According to Smalley, Jennifer Lynn Powassin, of Windigo Island
(located on the Canadian side of Lake of the Woods), was boating
alone in the area of Flag Island and Oak Island. Her boat was a
16-footer with a 40-hp motor. It’s unknown how she fell or was
ejected from the boat, but her body was found floating face-down by
other boaters at about 8:30 a.m.

The water that morning was described as “choppy” (between 6-inch
and 2-foot waves).

Smalley said boating law enforcement hasn’t necessarily been
stepped up this year; for the second year in a row, the nationwide
“Operation Dry Water” took place, focused on boating while
intoxicated. A weekend storm might have kept some boaters off lakes
and rivers that weekend, he said.

There’s also been an increase in enforcement activities directed
at invasive aquatic species since a new law took effect in July.
Heightened DNR conservation officer presence at boat accesses might
be to some degree curbing illegal and dangerous activity, Smalley
added.

DNR officials also are quick to point out increased use of life
jackets by youth in boats. Twenty-five years ago, about 47 percent
of kids under age 10 were wearing life jackets, Smalley says. Now,
due largely to a state law that mandates their use for that age
category, usage has jumped to 96 percent.
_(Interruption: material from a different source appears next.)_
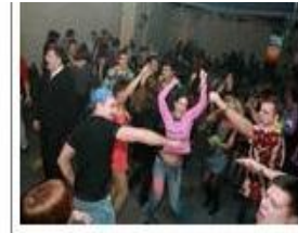
Ведущий на праздник корпоратив организация... 250×185 ... 1000×667 www.5895316.ru похожие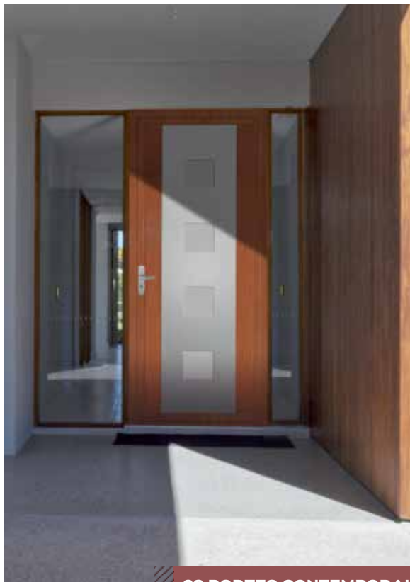
23 PORTES CONTEMPORAINES

There’s also the DNR/Dairy Queen partnership – the PFD Panda
Award – that includes a certificate for a free ice-cream cone or
cheeseburger at participating DQs for kids wearing life
jackets.

According to a DNR press release, DNR conservation officers have
been called over to family boats by children so they can earn a
life jacket award.

“It makes for a nice, positive contact (for COs),” Smalley
said.

According to Smalley, boating – and associated accidents –
usually tapers off in August. However, anglers continue to hit the
water until freeze-up, as do fall duck hunters in the state.